To be part of Colorado Gives, charities must go through an application and vetting process to ensure the charities are legitimate.

“You know your money is going to a legitimate nonprofit that is doing the work they say they’re doing,” said Sandra Hanson, director of development for Family Visitor Program.

The website also takes the fundraising burden off of the nonprofit. With hundreds of charities, and the ability to search by topic and location, donors can find nonprofits for the first time with ease.

“It’s sort of like shopping on Amazon,” Rick Blauvelt, executive director of Raising A Reader, said.

“It’s also kind of dangerous, because you find all kinds of charities you want to donate to,” Hanson said.

A potential danger of the site is that someone may log on to Colorado Gives to donate to one charity, but find another they would prefer to support instead. But that is not a concern for the nonprofits at the Carbondale rally.
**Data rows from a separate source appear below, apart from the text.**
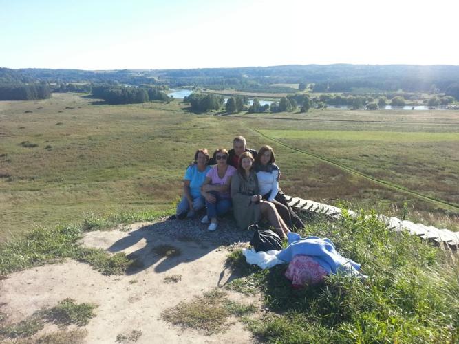 На холме Миндовга произошла смешная история с невестой. Это была суббота, в храме шло венчание, пары подъезжали одна за другой. Одна из пар уже гуляла по холмам и фотографировалась на их фоне. Валера в шутку бросил — запоминайте, где сидит невеста. Кто хочет выйти замуж — надо сесть на это место. Все посмеялись, но время от времени Валера напоминал нам об этом. Мы стали поглядывать на невесту, а пара явно не собиралась покидать холм, они расстелили покрывало, принесли корзину с едой. Мы ходили кругами, но вот как только молодожены встали и пошли фотографироваться на другое место, на покрывале остались сидеть их друзья-свидетели. Я решительно подошла и спросила — а можно мне присесть на ваше место? Свидетель не понял, он растерялся, стал уточнять, чего я от него хочу. Мне на помощь пришла Рая. Она перевела мои слова на английский язык. Увы! Молодое поколение Литвы русского языка не знает. Я продолжала объяснять — существует примета — если хочешь замуж, то надо посидеть на месте невесты. Все рассмеялись, и они любезно уступили мне место, даже не стали убирать покрывало. Я не только села, но и улеглась комфортно и запустила в информационное поле, проговорив очень громко: хочу мужа! Смех - смехом, но моему примеру последовали и другие..! Настроение у всех улучшилось.
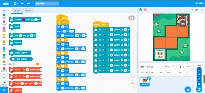 具备基础编程逻辑思维的用户(中、高年级儿童):可以通过 toio™进行可视化编程(需要用到电脑或其他终端),利用索尼开发的应用程序,用户可以利用精准的坐标,通过 Q 宝绘制形状,并使用自己编写的程序来操控 Q 宝机器人。
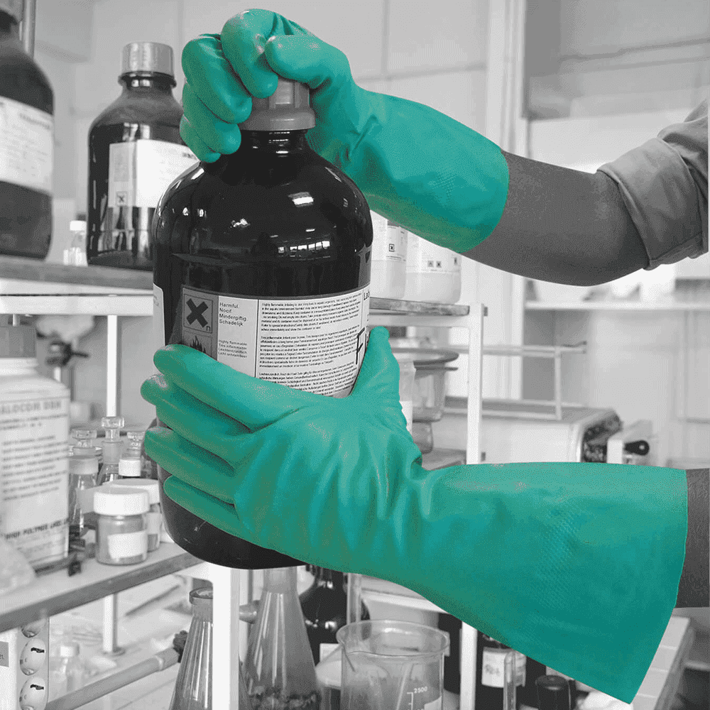 Matrix Nitrichem är en kemhandske i nitril med flossat foder, extra lång krage och bra grepp.
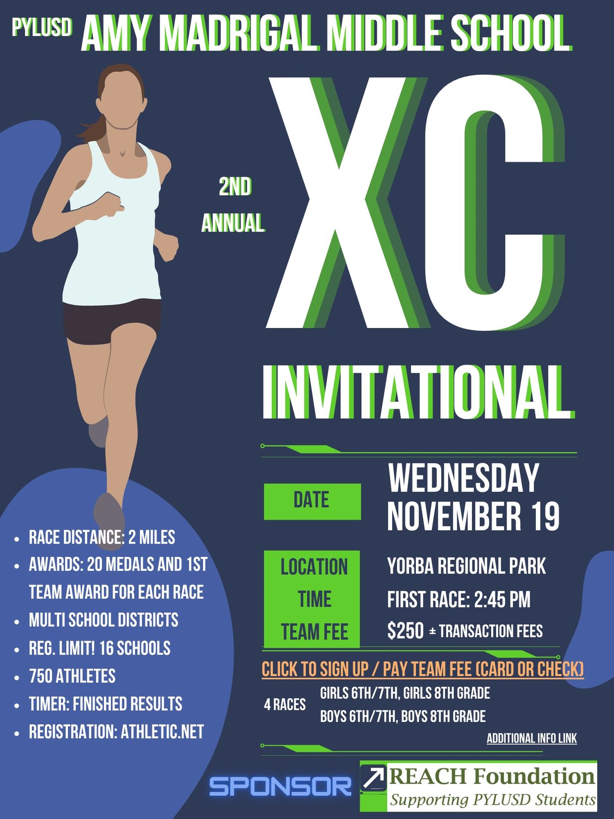 In 2024, the REACH Foundation is proud to partner with PYLUSD and OCDE to sponsor the Middle School XC Invitational and XC Championship! These two programs promote physical health, mental well-being, and academic success. Cross-country like other sports build character by fostering teamwork, leadership, and perseverance. Students learn goal-setting and time management while developing lifelong healthy habits, camaraderie, and sportsmanship.

“Philanthropy is great wherever people give,” Tolan said. “It’s a win-win for organizations to work together and build up community philanthropy over all.”

Hanlon said Youthzone’s Colorado Gives Day donations doubled in their third year participating, and hopes for $20,000 this year.

Blauvelt hopes for closer to $10,000, but agrees that promoting philanthropy helps all charities.

“The nonprofit community specifically is very collaborative, so if someone goes on and ends up donating to more of us than they might otherwise, that would be money well spent,” Blauvelt said.